(Provided material Opens)

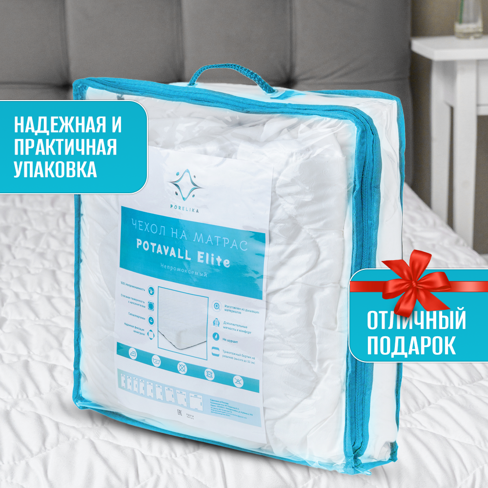 Наматрасник непромокаемый 80х200 стеганый на резинке с бортом, на высокий матрас до 32 см, PORELIKA интересное:
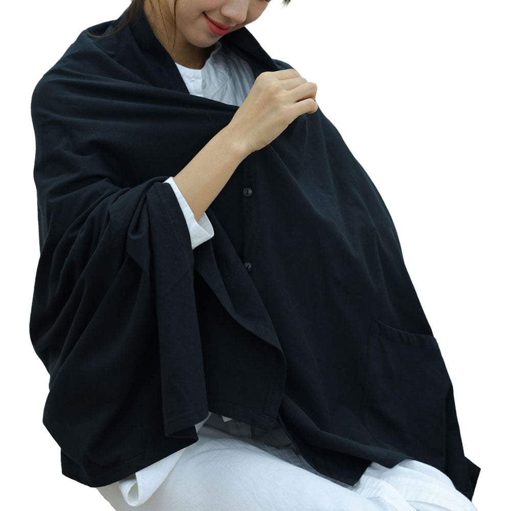 この授乳ケープは、0~4ヵ月の赤ちゃんに多いモロー反応に配慮し、外の音や光に敏感な赤ちゃんでも安心して授乳できるよう、光を通しにくいブラックとグレーの暗い色目で展開しています。赤ちゃんがケープの中で安心できる環境を整え、外出先でもスムーズに授乳ができます。
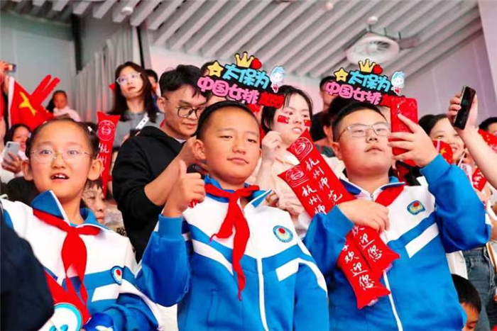 在本场亚运会女排决赛中,有几位特殊的小观众。10月6日,来自青海省海南州共和县第二寄宿制小学的学生们,在学校老师的带领下,一早便从青海西宁出发,乘坐飞机跨越2300多公里来到杭州。
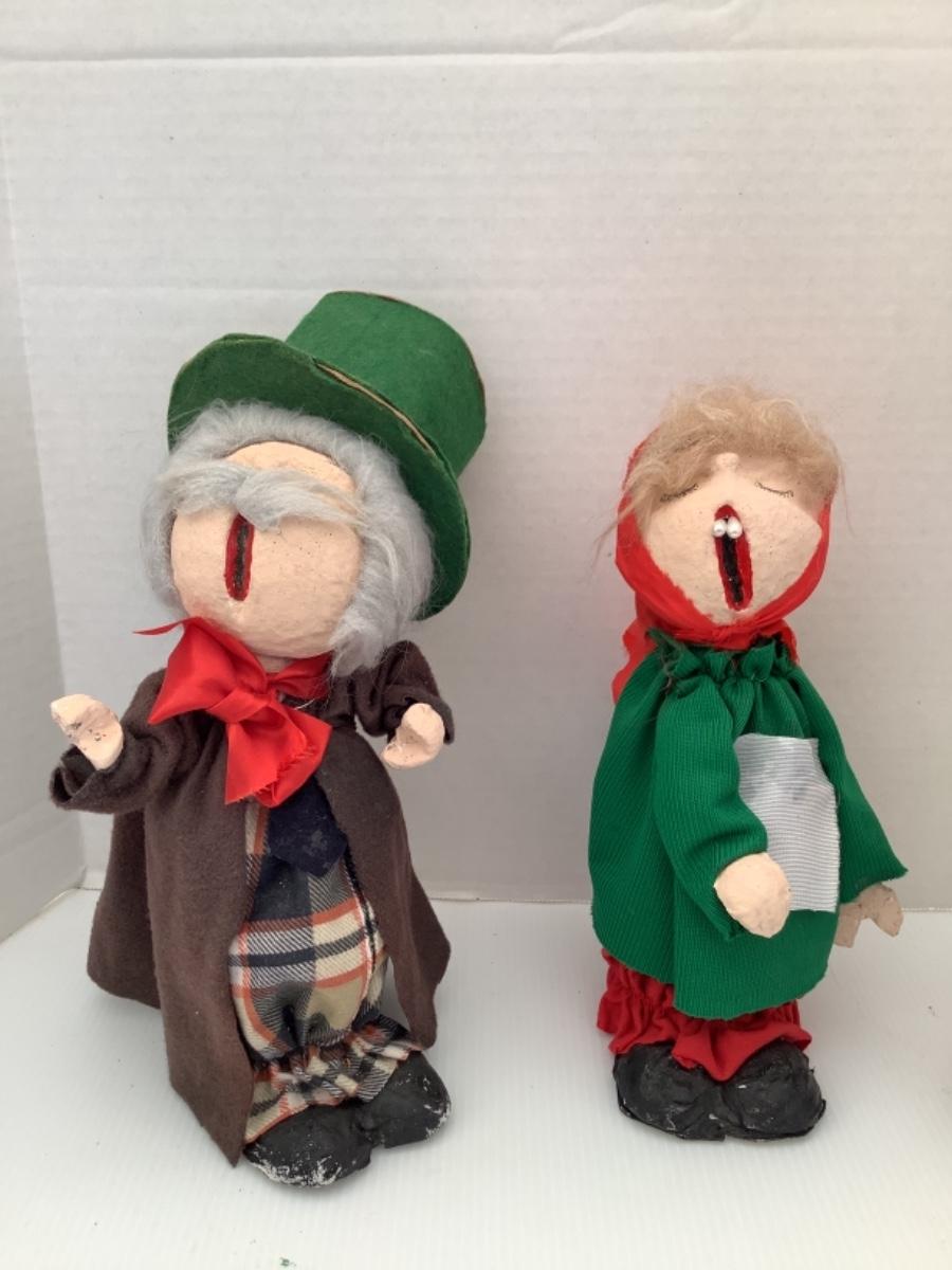 Carolers are handmade from beer bottles and mache and measures 11” high , Elf on shelf is vintage and has some fading ,
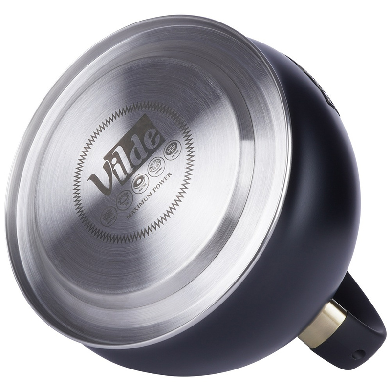 Adaugă un plus de stil și eficiență în bucătărie cu acest fierbător cu fluier Vilde, realizat din oțel inoxidabil și finisat în negru mat cu detalii aurii. Încălzește rapid apa pentru ceai, cafea sau gătit, iar fluierul te anunță imediat când a ajuns la punctul de fierbere.
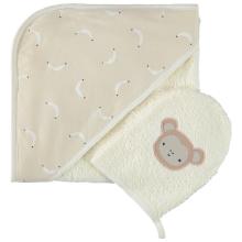 Set de bain cape + gant de toilette patch brodé singe pour bébé
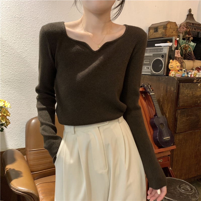 设计感小众短款 春秋冬薄款 打底针织衫 紧身长袖 内搭毛衣女 v领修身
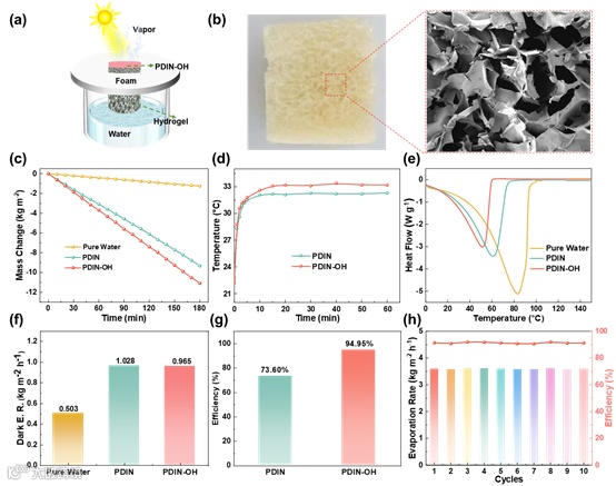 图4.(a)太阳能蒸发器装置示意图。(b)水凝胶图像和SEM图像。(c)标准辐照(1kW m-2)下蒸发器内水的质量变化。(d)蒸发器一小时内表面温度曲线。(e)水的蒸发焓曲线。(f)蒸发器在黑暗下的蒸发速率。(g)蒸发器在标准辐照下的光蒸发效率。(h)PDIN-OH在10小时内太阳能淡化3.5%盐水的蒸发速率和效率。
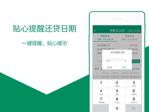【还贷日期提醒】设置还贷日期提醒,每月提示还贷额,帮你轻松记账理财。
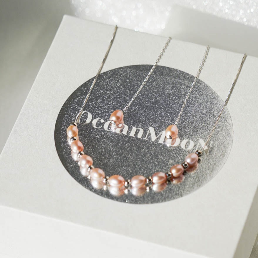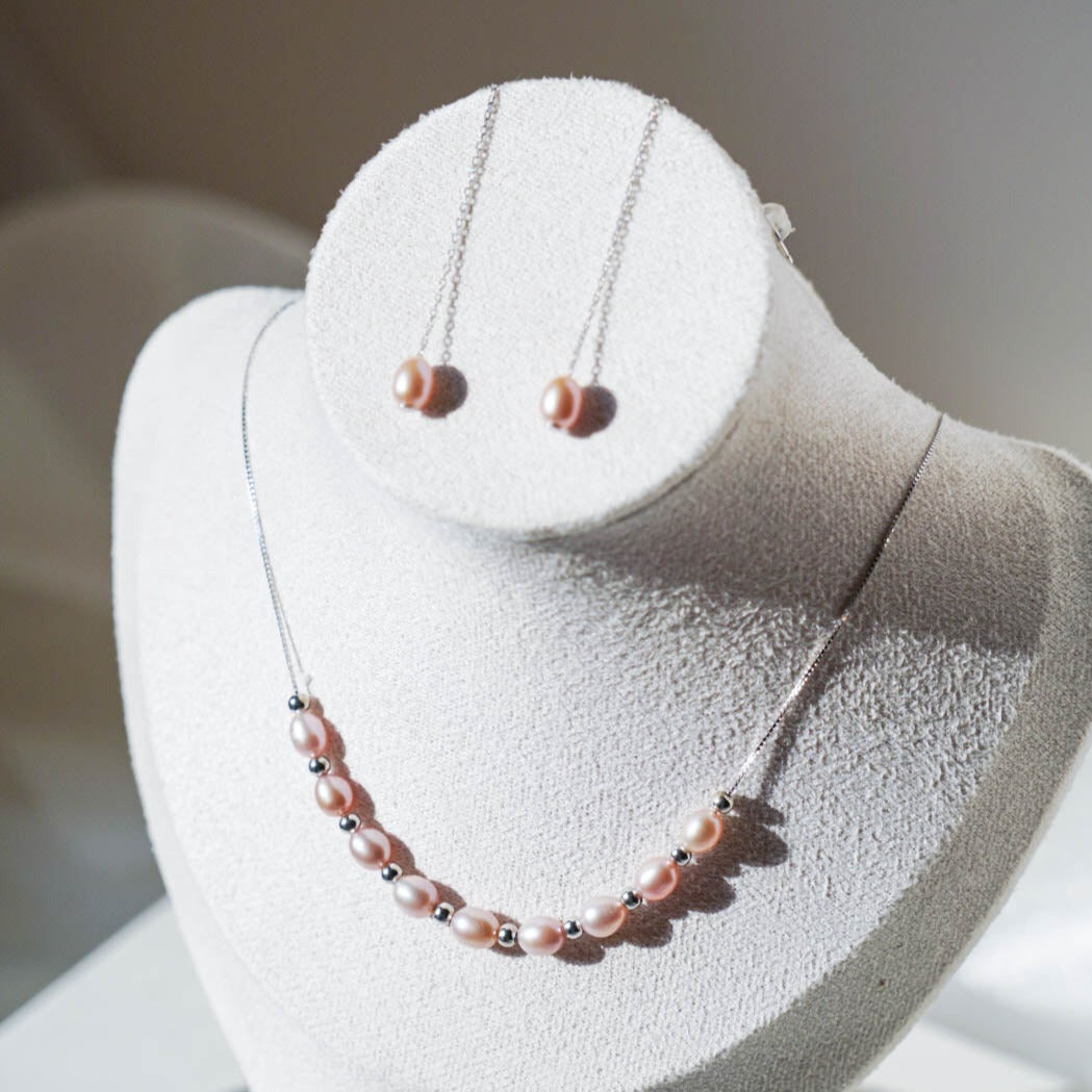 Handcrafted from natural pearls, gemstones, and shells, each piece bears nature’s own marks — lines, pits, and shades — making it truly unique.

(Provided material Closes)

Work instruction :: Your answer should hold only the lines from the one with "图4.(a)太阳能蒸发器装置" through the final line of the listing above, transcribed exactly and without pictures.

Response for this exercise ::
 图4.(a)太阳能蒸发器装置示意图。(b)水凝胶图像和SEM图像。(c)标准辐照(1kW m-2)下蒸发器内水的质量变化。(d)蒸发器一小时内表面温度曲线。(e)水的蒸发焓曲线。(f)蒸发器在黑暗下的蒸发速率。(g)蒸发器在标准辐照下的光蒸发效率。(h)PDIN-OH在10小时内太阳能淡化3.5%盐水的蒸发速率和效率。
【还贷日期提醒】设置还贷日期提醒,每月提示还贷额,帮你轻松记账理财。
 Handcrafted from natural pearls, gemstones, and shells, each piece bears nature’s own marks — lines, pits, and shades — making it truly unique.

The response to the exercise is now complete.